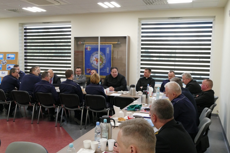 W kolejnej części przyszła kolej na strażaków PSP w Brzezinach. Po wstępnie pana Komendanta D. Guzka , głos zabrał mł. bryg. M. Kaczmarski, który wskazał na aspekty zabezpieczenia p-poż obiektów sakralnych oraz przybliżył akcję "Czad i ogień – obudź czujność”.
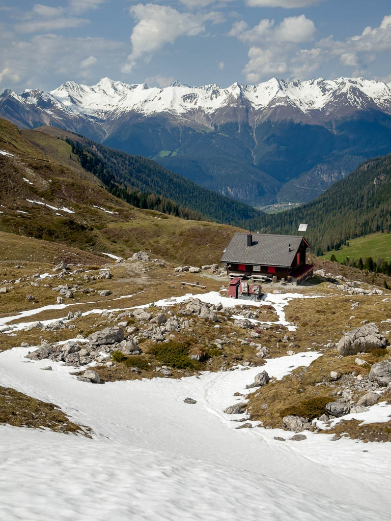 Unterhalb der Hütte ist der Weg größtenteils noch schneebedeckt, so dass ich weglos aufsteige und schließlich ziemlich k.o., aber glücklich und zufrieden die Hütte erreiche:
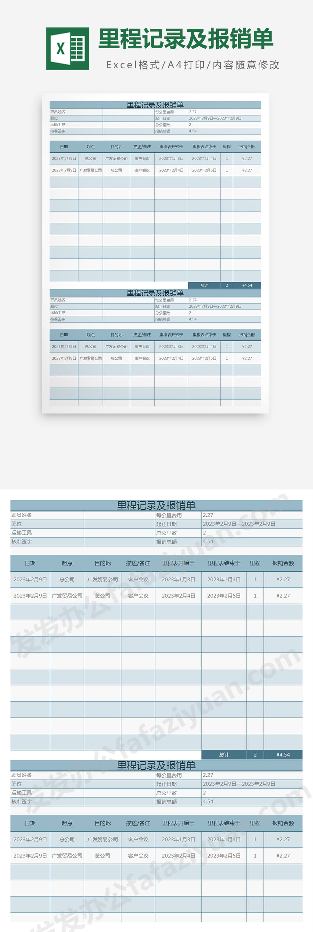 作品内容为里程记录及报销单, 格式为 xlsx, 大小1MB,下载后可直接使用, 请使用软件Excel打开, 作品中主体文字及图片可替换修改,文字修改可直接点击文本框进行编辑,图片更改可选中图片后单击鼠标右键选择更换图片,也可根据自身需求增加和删除作品中的内容, 源文件无水印, 欢迎使用发发资源库。
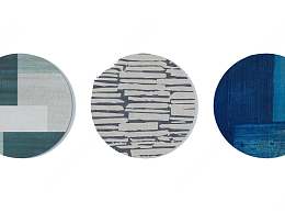 现代灰蓝色几何圆形地毯组合3D模型下载

**Work to be completed:** Only the pictures are to be left out; restate everything else in the listing word for word.

**Answer area:**
 W kolejnej części przyszła kolej na strażaków PSP w Brzezinach. Po wstępnie pana Komendanta D. Guzka , głos zabrał mł. bryg. M. Kaczmarski, który wskazał na aspekty zabezpieczenia p-poż obiektów sakralnych oraz przybliżył akcję "Czad i ogień – obudź czujność”.
 Unterhalb der Hütte ist der Weg größtenteils noch schneebedeckt, so dass ich weglos aufsteige und schließlich ziemlich k.o., aber glücklich und zufrieden die Hütte erreiche:
 作品内容为里程记录及报销单, 格式为 xlsx, 大小1MB,下载后可直接使用, 请使用软件Excel打开, 作品中主体文字及图片可替换修改,文字修改可直接点击文本框进行编辑,图片更改可选中图片后单击鼠标右键选择更换图片,也可根据自身需求增加和删除作品中的内容, 源文件无水印, 欢迎使用发发资源库。
 现代灰蓝色几何圆形地毯组合3D模型下载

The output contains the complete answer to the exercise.